#### [HOW TO COMPLETE THIS TASK]
Write down the listing again exactly as it appears below, without its pictures.

#### [DATA SEGMENT]
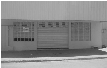
Sala Comercial para aluguel na Av. C, Itaguaí II com 100 m²
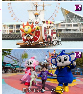
ラグーナテンボス
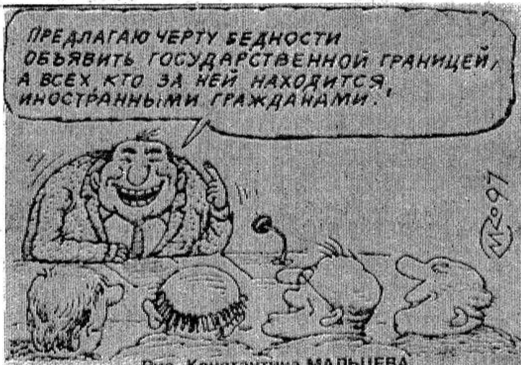
Рис. Константина МАЛЬЦЕВА

#### [SOLVED EXERCISE]
Sala Comercial para aluguel na Av. C, Itaguaí II com 100 m²
ラグーナテンボス
Рис. Константина МАЛЬЦЕВА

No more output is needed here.